Microbial interactions are fundamental to nutrient cycling, ecosystem stability, and population dynamics in aquatic environments, with bacteria driving processes like organic matter decomposition and nutrient release. These bacteria form critical links in the food web and interact with viruses and protists, shaping biogeochemical cycles and ecosystem productivity. This study examines the roles of protists and viruses in regulating bacterial mortality across aerobic (oxygen-rich) and anaerobic (oxygen-depleted) zones in Siders Pond, a salt-stratified meromictic pond in Falmouth, Massachusetts. 

We hypothesize that protists dominate bacterial mortality in the aerobic zone due to their oxygen-dependent grazing activity, while viruses play a more prominent role in the anaerobic zone, where oxygen limitation reduces protist activity. This research aims to clarify these interactions and their significance for nutrient cycling and ecosystem health.

Field and laboratory methodologies were applied to assess microbial dynamics along the oxygen gradient. Water samples were collected at varying depths and measured for dissolved oxygen, temperature, salinity, pH, dissolved organic carbon (DOC), and nutrients (PO4, NO3/NO2) to determine how the environment affects microbial activity. Bacterial and grazer production were quantified using C14-leucine incorporation. Protist abundances were determined using DAPI staining, while bacterial and viral abundances were measured using SYBR Gold staining.
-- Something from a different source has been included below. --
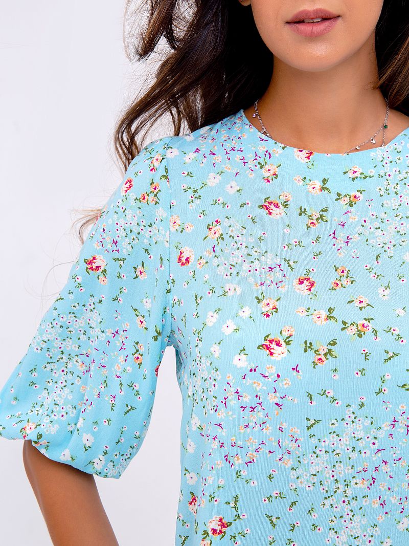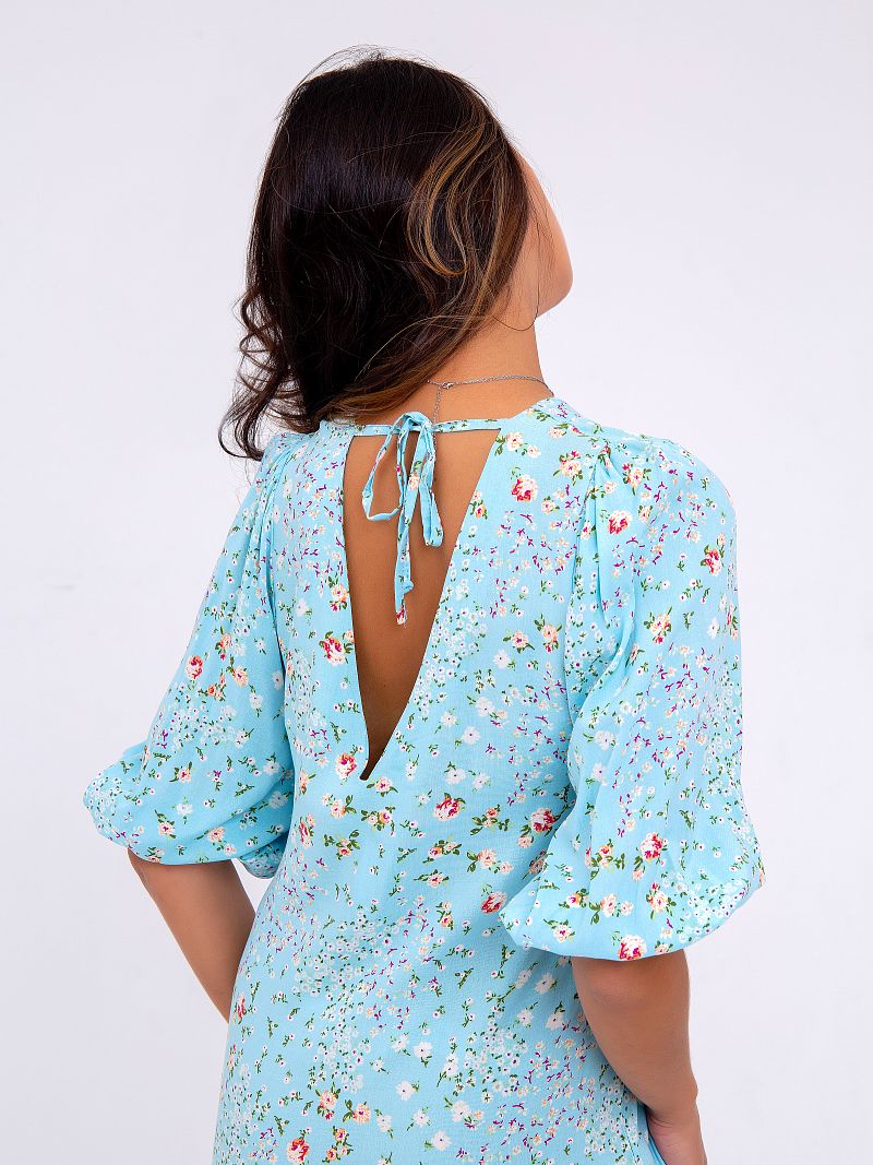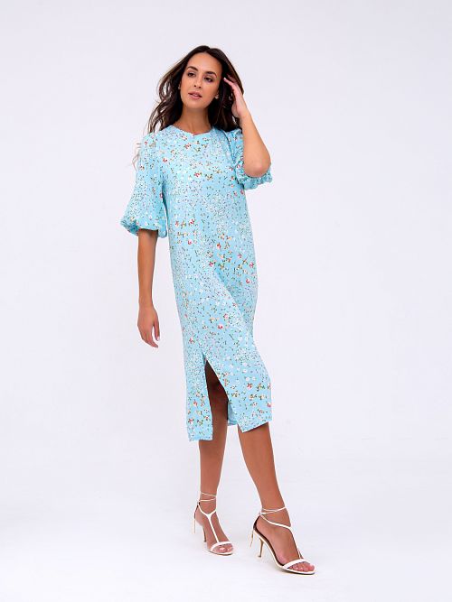 Нежное платье-миди, оформленное цветочным принтом по всей длине изделия. Модель свободного кроя с боковыми разрезами, что позволяет ткани струиться и придаёт образу лёгкости и воздушности. Рукав 3/4 на резинке. Вырез горловины округлый спереди и V-образный сзади на завязках. Ткань - штапель. Состав: 100% вискоза. Рост модели на фото 173 см (+каблук)

Preliminary findings suggest that bacterial and protist production decreases when transitioning from aerobic to anaerobic zones, while viral activity remains consistent. This study contributes to understanding how microbial interactions respond to environmental stressors such as eutrophication, pollution, and climate change, offering a model for future research and strategies for preserving aquatic ecosystem health amidst global environmental challenges.